Webber also points out that the chancellor said nothing about freezing the multiplier next year. Although the chancellor is predicting inflation to be 2.9% by the end of the year, business rates rises are decided on CPI levels at the end of September. These are still likely to be around 5%. That means retail and hospitality businesses will most likely be seeing a 5% rise in their rates bills in April 2024.

In addition, none of the following matters, for which Colliers had been campaigning, have come to fruition:

  • Reduce the multiplier (the UBR used to calculate rate bills) to around 34p in the £
  • Extend retail reliefs post 2024
  • Reform of the sticking plaster reliefs system and remove business rates deserts
  • Extend empty property rates relief to 12 months and to other sectors
  • Introduce annual revaluations
  • Review plant and machinery
  • Improve transparency from the VOA
  • Reform unfriendly and ill-equipped appeal system
  • Address rogue rating advisors by regulating the ratingsindustry

“The chancellor spoke of creating a tax regime pro-business, that would be the envy of Europe,” says Webber. “Yet the failure to reduce the multiplier fundamentally means business rates for retail and other sectors will rise from 2024 with inflation. This is the first time a new list will start with a multiplier over 50p. Nowhere else in Europe do businesses pay half the rental of their premises in property taxes, and at current levels this is unsustainable and deters new investment in businesses, despite the chancellor’s claims.

“This is a damning indictment for the conservative government, who have failed their manifesto promise to reduce this tax.”

“This year’s list will show a general 7.1% increase in rateable value. And this is just the start. According to the OBR report, the government is forecasting that income from business rates will rise to nearly £36bn by 2027/28 (from £28.5 billion in 2022/23), which appears contrary to the Conservatives’ manifesto pledge: ‘To cut the burden of tax on business by reducing business rates.’ The retail and hospitality sectors are still in line to make a major contribution to that increase.

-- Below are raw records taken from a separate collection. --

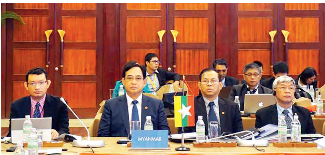
ပြည်ထောင်စုဝန်ကြီး ဦးဇေယျာအောင် (၁၅)ကြိမ်မြောက် အာဆီယံသတင်းအချက်အလက်နှင့် နည်းပညာဆိုင်ရာဝန်ကြီးများ အစည်းအဝေးနှင့် ဆက်စပ်အစည်းအဝေးများသို့ တက်ရောက်စဉ်။

နေပြည်တော် နိုဝင်ဘာ ၂၉ - စွမ်းအင်ဝန်ကြီးဌာနနှင့် ဆက်သွယ်ရေးနှင့် သတင်းအချက်အလက် နည်းပညာဝန်ကြီးဌာန ပြည်ထောင်စု ဝန်ကြီး ဦးဇေယျာအောင်သည် (၁၅)ကြိမ်မြောက် အာဆီယံ သတင်း အချက်အလက်နှင့် နည်းပညာဆိုင်ရာ ဝန်ကြီးများ အစည်းအဝေးနှင့်ဆက်စပ် အစည်းအဝေးများသို့ တက်ရောက် ၍ မြန်မာနိုင်ငံ၏ ဆက်သွယ်ရေး ကဏ္ဍသည် လျင်မြန်စွာဖွံ့ဖြိုးတိုးတက် လျက်ရှိကြောင်း၊ တယ်လီဖုန်းအသုံး ပြုနိုင်မှုသည် ၂၀၁၀-၁၁ ခုနှစ်တွင် ငါးရာခိုင်နှုန်းအောက်သာ ရှိခဲ့ရာမှ ယနေ့အချိန်တွင် ၆၀ ရာခိုင်နှုန်းကျော် အထိ တိုးတက်သုံးစွဲလာနိုင်ပြီဖြစ် ကြောင်းနှင့် ဈေးနှုန်းများသည်လည်း အများပြည်သူ အလွယ်တကူသုံးစွဲ နိုင်သည့် ဈေးနှုန်းဖြစ်လာသဖြင့် ဆက်သွယ်ရေးဝန်ဆောင်မှုများအား ပြောကြားသည်။
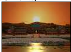
【無量光院の落日(復元CG)】

平泉は、周囲の山や川など変化に富んだ自然地形を活かし、寺院・庭園・政庁などを要所に配置して発展的に形成されました。これは、周囲の自然も浄土の世界を構成する重要な要素と考え、浄土庭園の背景に自然の山を取り入れたり、東稲山に桜を植樹したりするなど、自然環境にも十分配慮されたものでした。
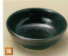
10016-477 黒釉織部掛玉割 750円 100人 (12×3.9cm)
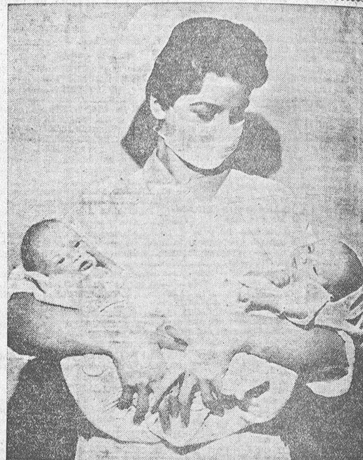
Estas dos gemelitas, nacidas en Glaspott (EE. UU.) hace tres semanas, vinieron al mundo con una grave enfermedad que hizo necesarias varias transfusiones. Las niñas se encuentran ya bien, pero por tres veces, les fué extraída su sangre y sustituida con sangre ajena.
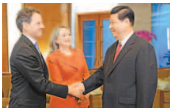
■習近平在釣魚台國賓館會見希拉里和蓋特納。

蓋特納表示，美方希望同中方加強協調與合作，共同促進兩國經貿關係發展，推動全球經濟復甦。
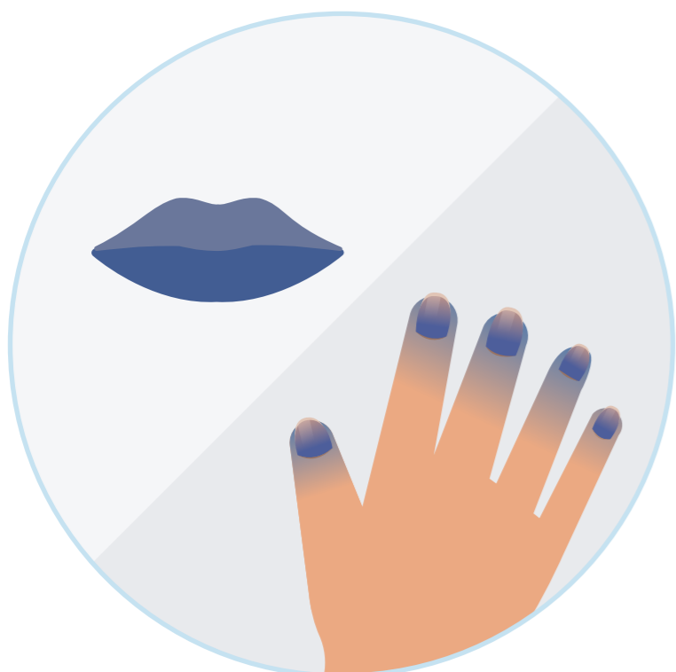
Sianosis (Bibir atau Kuku Berwarna Biru-ungu)
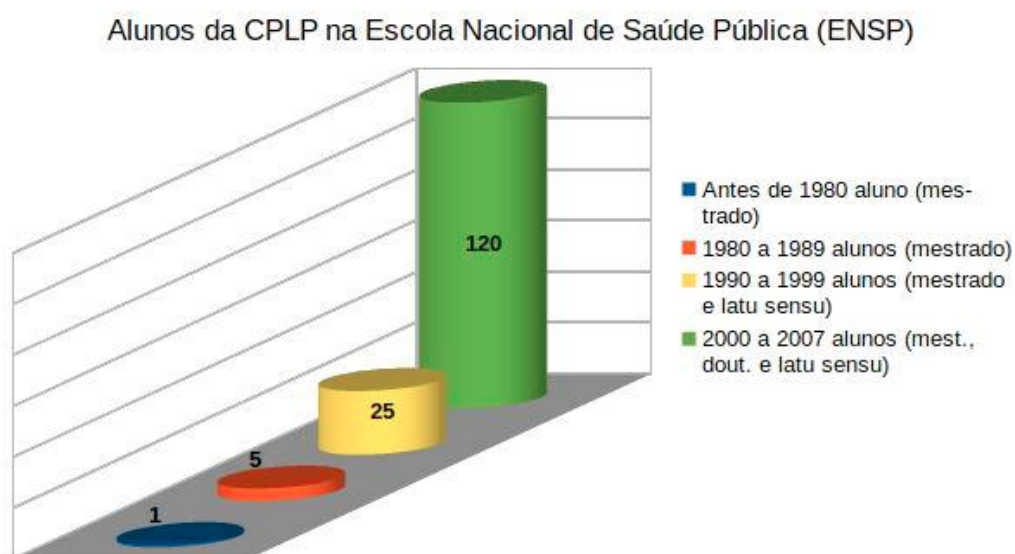
GRÁFICO 2 – ALUNOS DA CPLP NA ESCOLA NACIONAL DE SAÚDE PÚBLICA

número de alunos recebidos pela ENSP entre os anos de 2000 e 2007 em relação aos períodos anteriores.
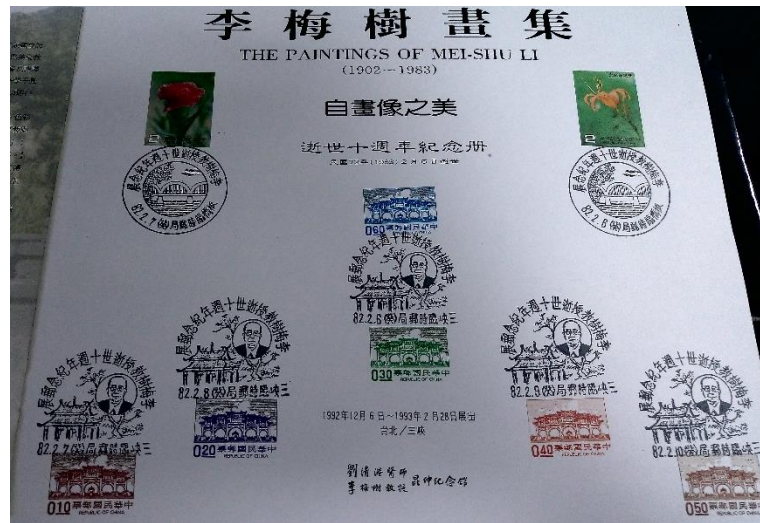
圖 4. 1993 年李梅樹逝世十週年紀念郵戳

相較於其他私人美術館，李梅樹紀念館以郵戳為主題的紀念活動幾乎是前所未見的，雖然民間團體皆可申請臨時郵局，但必須經過郵政機關的審核，要有一定程度的知名度或社會貢獻才會許可，而且以李梅樹的人物肖像製作的紀念郵戳，在解嚴初期的臺灣社會是相當罕見的。創館長 A 希望透過這樣子的作法去紀念李梅樹為社會鞠躬盡瘁的精神，除了申請郵戳外，他更透過管道向發行國家硬幣的中央造幣廠申請鑄造「李梅樹教授誕辰紀念銅章」，自 2006 年起發行至 2017 年，共十枚，正面為李梅樹的肖像，背面是他的繪畫作品及祖師廟的意象。中央造幣廠開會討論後通過館方申請，認為「李梅樹教授以堅貞的意志致力於民間藝術的發揚，在第三次重建三峽祖師廟上注入一生的心血，使該廟獲得中外學者及專家給予『東方藝術殿堂』的美譽。 29 」李梅樹的形象橫跨國族認同變遷的年代，先後被不同視角的行動者詮釋頌揚，對照在當時所留下的文本和資料裡。李梅樹在世時的從政背景，和他重建祖師廟運用的中華文化典故，受到早期政府讚揚推廣。當他過世後，國家文化想像的轉變，政府對李梅樹的解讀逐漸轉向保留傳統技藝的鄉土寫實大師，使當時家屬的紀念活動獲得國家文化治理認可。政府機關運用各式紀念載體形塑李梅樹的意象，雖然這些很多都是館方主動申請促成的，但政府的審核，給予李梅樹文化正當性，進而影響日後教科書、口述導覽和地方政府參與等多元記憶形式的形成。

“And now we have three-yearly revaluations, the next list will begin in 2026, which means an AVD (valuation date)  of 1st April, 2024. This means businesses, such as in the retail and hospitality sectors, will only have 12 months of respite on the current list, before preparing for bills to start rising again.”

Webber adds: “That’s why we needed the government to take the bull by the horns. What we still need is a well-managed, and transparent, business rates system, that encourages rather than punishes businesses. The lack of decisive action is desperately disappointing and will have wider implications for the overall property markets and retail and hospitality sectors.”